Here I am after a discreet absence, riproporvi to yet another digital clock: but now everybody knows…mine is a craze… or maybe I do not do anything else.

Come is born this clock ?… even in March girovando the web looking for some device to try and experiment I found on a particular website Futura_Elettronica led: similar in all respects to an RGB LED (quattro pin R,G,B,anode / cathode) but it was not an RGB LED. While having 4 canonical legs is actually a LED WS212. It looks like this:

The feet are always 4 but with different definitions: or DATA_IN, VCC,GND,DATA_OUT. A cleat on a side of the LED identifies the pin DATA_OUT. Power 5V. the LED format: 5mm.

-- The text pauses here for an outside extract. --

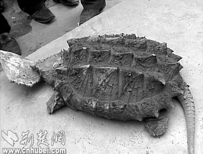 京山發(fā)現(xiàn)長滿犄角大鱉(圖)

Curiosity killed the cat (famous saying….) and so I made a first order 20 led to experiment and test the. I said I was led WS2812: or use a specific protocol serial run by libraries ADAFRUIT_NEOPIXEL. It is not easy to describe this protocol: practically a sequence of 24 bit (8 for each color) sent serially LED lights with the color defined for the LED R, for the G and B for the LED as per this (source ws2812.pdf).

Of course there are deadlines to be met, but I did not worry too much because all the management work is entrusted to the library. The special feature of these LEDs is given by the type of connection: each LED is connected in cascade with the previous one, thus forming a virtually no specific limits chain: in fact to make this watch I used well 112 led.

Here then preview the final result:

have mercy: They are a veritable landslide in DIY and this time I also passed: It was not easy, and only these days I basically ran out of test.



Before you hit the ground I carried out a feasibility study (Today it is fashionable) to decide how to connect these LEDs, which RTC use, how to update the time values, how to assign the colors and brightness which can be acceptable for the visibility and especially as a food all considering the presence of well 112 led. This power and total absorption problem cost me a lot of time: I did not want to run the risk of being without adequate power supply: from web sources each of these LEDs should absorb well 20ma for each color. So for one led to the white color must be switched on three LEDs with a total of 60th absorption. But it then detects a false problem because this watch will never be turned on all 112 led. But precisely to avoid drawbacks have prepared some pcb with a series of LEDs connected serially with.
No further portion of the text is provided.